Top of STUDY MATERIAL

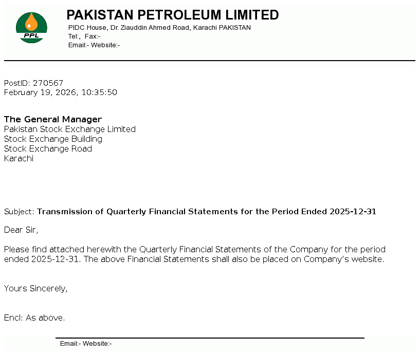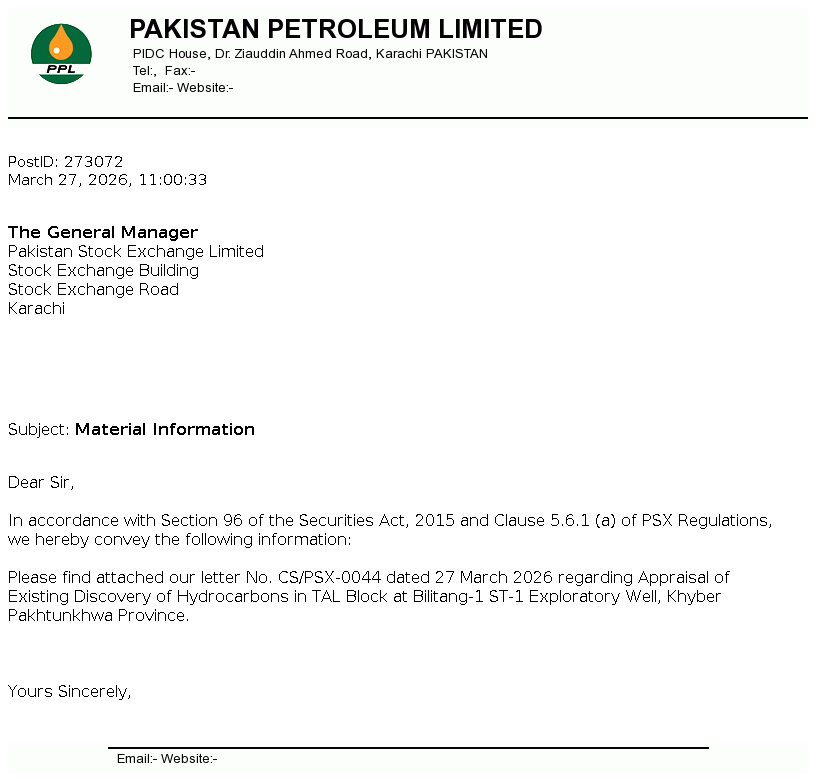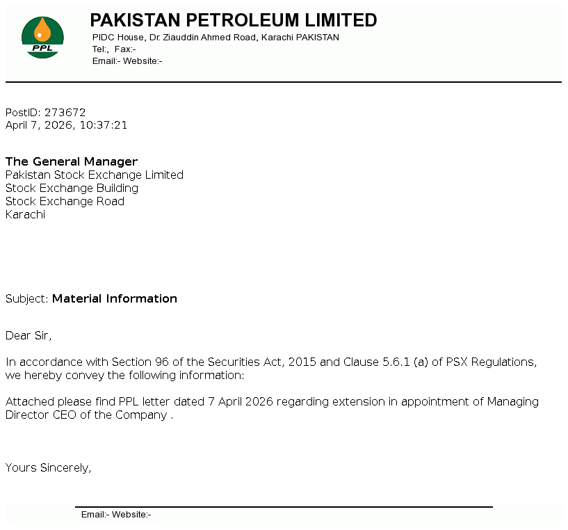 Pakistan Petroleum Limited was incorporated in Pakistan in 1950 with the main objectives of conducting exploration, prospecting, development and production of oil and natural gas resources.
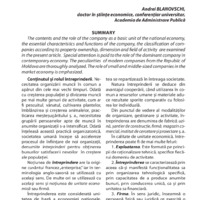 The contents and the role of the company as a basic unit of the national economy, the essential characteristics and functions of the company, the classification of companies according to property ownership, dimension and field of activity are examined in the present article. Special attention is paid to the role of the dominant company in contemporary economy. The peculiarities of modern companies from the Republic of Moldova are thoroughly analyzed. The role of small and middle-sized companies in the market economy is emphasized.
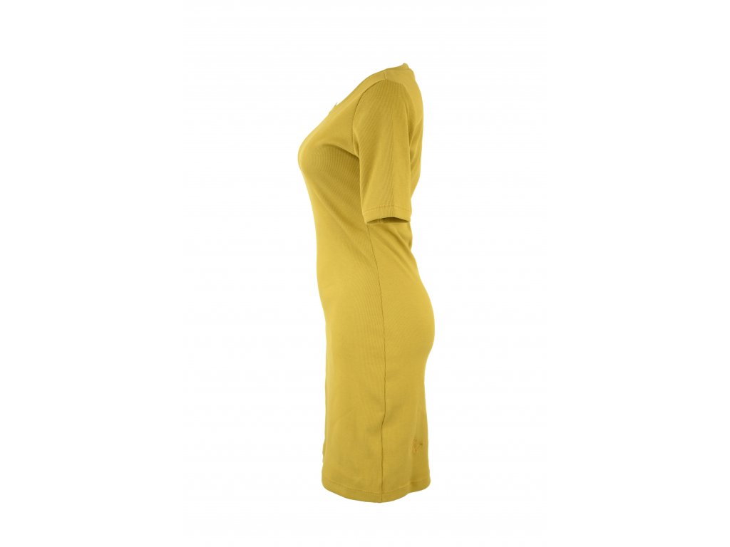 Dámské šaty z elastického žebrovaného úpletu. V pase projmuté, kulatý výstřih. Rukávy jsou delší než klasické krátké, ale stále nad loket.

Bottom of STUDY MATERIAL
Top of STUDY MATERIAL

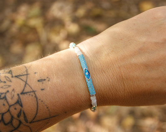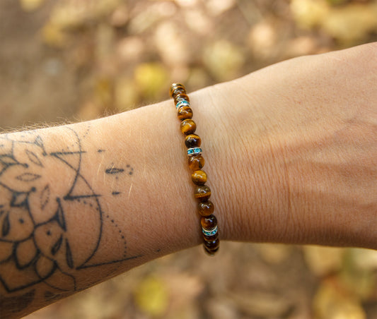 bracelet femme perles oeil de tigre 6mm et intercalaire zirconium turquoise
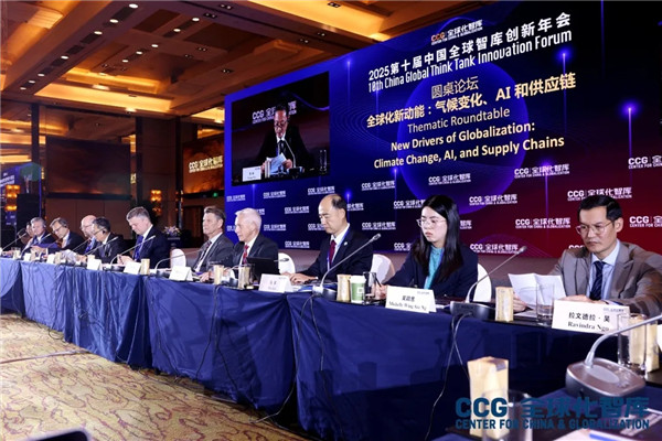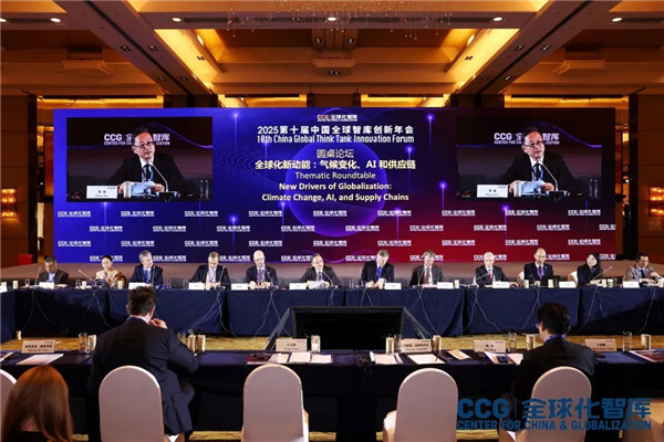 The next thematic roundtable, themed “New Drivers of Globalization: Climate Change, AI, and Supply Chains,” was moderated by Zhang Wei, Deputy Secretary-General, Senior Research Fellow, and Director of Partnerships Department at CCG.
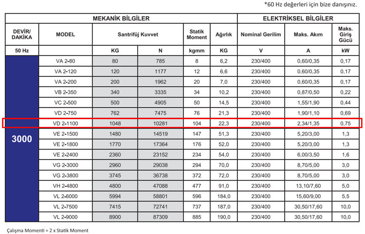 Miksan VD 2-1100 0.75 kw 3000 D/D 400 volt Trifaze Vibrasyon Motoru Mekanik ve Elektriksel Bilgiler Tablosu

Bottom of STUDY MATERIAL
Top of STUDY MATERIAL

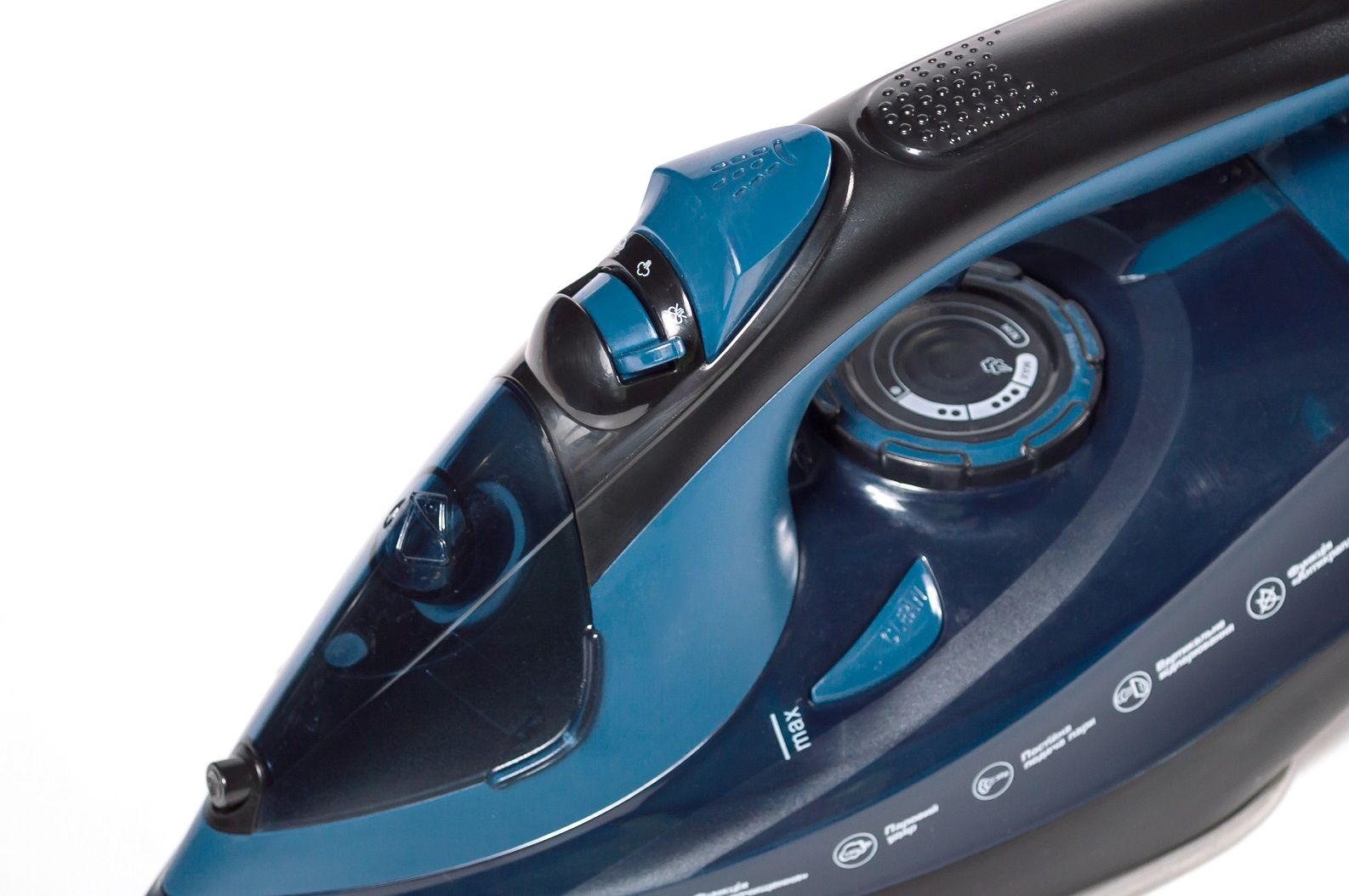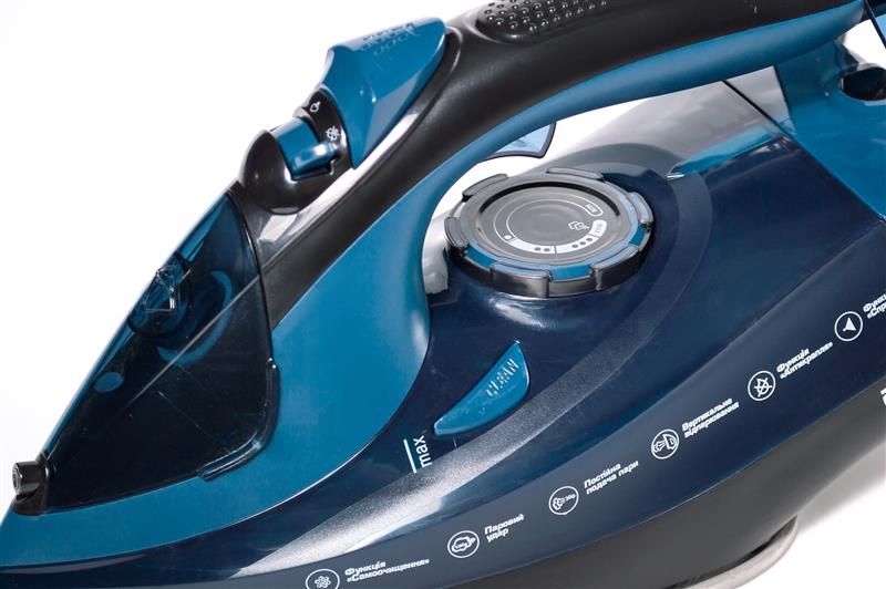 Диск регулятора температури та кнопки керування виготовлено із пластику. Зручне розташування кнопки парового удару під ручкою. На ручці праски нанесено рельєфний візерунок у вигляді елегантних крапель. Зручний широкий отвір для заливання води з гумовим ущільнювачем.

Bottom of STUDY MATERIAL

* THE PROBLEM *
Give back exactly the lines above that run from the one with "Pakistan Petroleum Limited" to the one with "Dámské šaty z", including both, with the pictures left out.

* RESULT OF THIS EXERCISE *
 Pakistan Petroleum Limited was incorporated in Pakistan in 1950 with the main objectives of conducting exploration, prospecting, development and production of oil and natural gas resources.
 The contents and the role of the company as a basic unit of the national economy, the essential characteristics and functions of the company, the classification of companies according to property ownership, dimension and field of activity are examined in the present article. Special attention is paid to the role of the dominant company in contemporary economy. The peculiarities of modern companies from the Republic of Moldova are thoroughly analyzed. The role of small and middle-sized companies in the market economy is emphasized.
 Dámské šaty z elastického žebrovaného úpletu. V pase projmuté, kulatý výstřih. Rukávy jsou delší než klasické krátké, ale stále nad loket.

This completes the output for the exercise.